Dead Stream Flooding State Wildlife Management Area facts for kids
Quick facts for kidsDead Stream Flooding State Wildlife Management Area
View from N. Michelson Road (July 2019)
Enterprise Township and Lake Township, Michigan
|Nearest city||Lake City, Michigan|
|Area||1,024 acres (4.14 km2)|
|Elevation||1,142 feet (348 m)|
|Governing body||Michigan Department of Natural Resources|
The Dead Stream Flooding State Wildlife Management Area is a protected wildlife area located in the U.S. state of Michigan. The wildlife management area centers along the Muskegon River about 2 miles (3.2 km) from its source at Houghton Lake. It incorporates rural areas in Enterprise Township within Missaukee County and Lake Township within Roscommon County for an approximate total area of 1,024 acres (4.14 km2). It is controlled and maintained by the Michigan Department of Natural Resources.
The wildlife management area owes its creation to the Reedsburg Dam, which was constructed in 1940 along the Muskegon River to alleviate flooding from Houghton Lake. The resulting reservoir became known as the Dead Stream Flooding (or Dead Stream Swamp) at a fluctuating size of approximately 540 acres (2.19 km2).
The area's headquarters are located at the Houghton Lake DNR Wildlife Office at 8717 North Roscommon Road (M-18) in the nearby village of Roscommon. The wildlife management area itself is mostly accessible from U.S. Route 127 exit 194 (M-55) and County Road 300, and the overall area is sparsely populated. Other nearby sizable communities are Houghton Lake just to the southeast and Lake City about 20 miles (32 km) west.
The unconnected Houghton Lake Flats Flooding State Wildlife Management Area is just to the east, and a number of other protected areas are within close proximity, including North Higgins Lake State Park, South Higgins Lake State Park, Hartwick Pines State Park, Houghton Lake State Wildlife Research Area, Bear Creek Flooding State Wildlife Management Area, Backus Creek State Game Area, and Denton Creek Flooding State Wildlife Management Area.
The forests surrounding the Dead Stream Flooding State Wildlife Management Area are also protected as state forest land managed by the Michigan Department of Natural Resources in the Au Sable State Forest and Pere Marquette State Forest.
The area is popular among campers, tourists, fishermen, and hunters. Common fish within the waters include pumpkinseed, bluegill, small and largemouth bass, native crayfish, northern pike, yellow perch, and bowfin. There are ample shore fishing locations and two public boating access points. The Dead Stream Flooding is mostly shallow and contains numerous underwater obstacles that make larger motorized vessels discouraged. The surrounding woodlands are open to seasonal waterfowl, turkey, and deer hunting. Other popular activities include bird watching, geocaching, photography, and canoeing/kayaking. Rustic camping is available at the Reedsburg Dam State Forest Campground on the northeast side of the dam. The campground is operated by the nearby North Higgins Lake State Park.

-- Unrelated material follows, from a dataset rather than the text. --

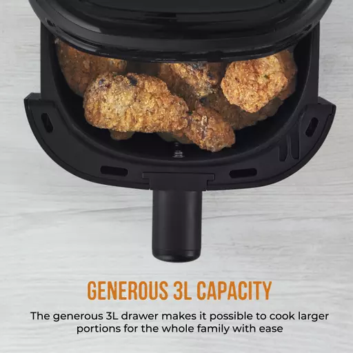 The generous 3L drawer makes it possible to cook for an entire family in one go, or even just cook larger portions, including whole meat joints. Â

Beginning in August 2018, the Reedsburg Dam is undergoing major reconstruction lasting for at least one year, and the Dead Stream Flooding will be completely drained to allow for only the original flow of the Muskegon River. The construction is necessary to repair and rebuild the nearly 80-year-old earthen dike and concrete and steel structures of the dam. During the project, portions of the wetlands of the Dead Stream Flooding State Wildlife Management Area will be temporarily dried up; most of the lower water levels will take place around the Reedsburg Dam reservoir and not further upstream along the Muskegon River. When the construction project is complete, the reservoir was expected to slowly return to original levels by summer 2020.
However, due to the COVID-19 pandemic in Michigan, the Reedsburg Dam reconstruction was delayed. While more than 90% of the dam project has been completed prior to the delay, the water levels was originally expected to return to normal levels by fall 2020. The construction project itself was completely by September 2020, and water levels will be raised slowly to their original level.